In a letter dated Oct. 15, Rep. Frank Wolf, R-VA, a 14-term representative, asked Virginia Attorney General Robert McDonnell to investigate the financial workings of the parent bank whose subsidiary, Toll Road Investor Partners II, operates and collects tolls on the privately built Dulles Greenway.
The state commissioned the Greenway decades ago, but it was not built until 2003 and required financial backing from the private sector. The Macquarie subsidiary paid $533 million in 2005 for the right to operate the roadway and collect tolls for 51 years, when the Greenway will become property of the state.
TRIP II, a consortium of Macquarie Bank subsidiary Macquarie Infrastructure Group and other private investors, submitted an application in 2006 to increase tolls on the Greenway and implement congestion pricing during peak traffic times. The State Corporation Commission approved the increases in September of this year and the new tolls took effect in October.
Greenway tolls are scheduled to increase each year from $3 to reach $4 by 2012 for passenger vehicles in addition to congestion pricing being added during morning and afternoon rush hours. Truck tolls are based on the number of axles. A five-axle truck traveling the entire length of the Greenway currently pays $10.25, and the increase will take that total to $14 by 2012.
Wolf wants the toll increase overturned and the toll operator investigated.
“It is imperative that Macquarie’s financial records be scrutinized to ensure the firm has not violated the public trust by potentially circumventing our laws in order to raise tolls on the Greenway,” Wolf wrote.
Click here to read Wolf’s letter.
TRIP II officials responded by saying the need for toll increases is legitimate.
“All of the information provided to the SCC by TRIP II in relation to its toll increase application was factual, complete, accurate, and is on the public record,” company officials stated in October on the Dulles Greenway Web site, www.dullesgreenway.com.
During a public comment period prior to the approved increases, the State Corporation Commission received 600 public comments, most of which were in opposition to toll increases.

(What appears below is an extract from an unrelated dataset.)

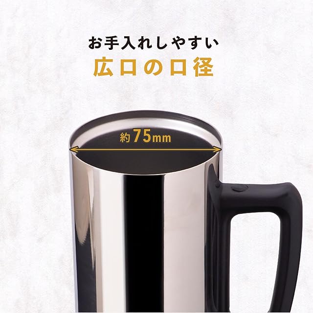 外面を鏡面仕上げにした高級感ある真空断熱構造のビアジョッキ!保冷効果で冷たさが長持ち!大容量サイズの缶ビールがピッタリ注げます。取手も手にフィットするよう設計されてるので非常に持ちやすいです。 保冷だけでなく、保温もOK!外側に熱が伝わりにくいので結露しにくい構造です。

Wolf and several state lawmakers have also expressed concern.
In his letter to the attorney general, Wolf cites an Oct. 2 article in Fortune magazine in which editor-at-large Bethany McLean writes about Macquarie. Her article included the claim, attributed to Jim Chanos, that Macquarie was “engaging in an old-fashioned Ponzi scheme.”
Webster’s Dictionary defines a Ponzi scheme as “a fraudulent investment scheme in which funds paid in by later investors are used to pay artificially high returns to the original investors, thus attracting more funds.”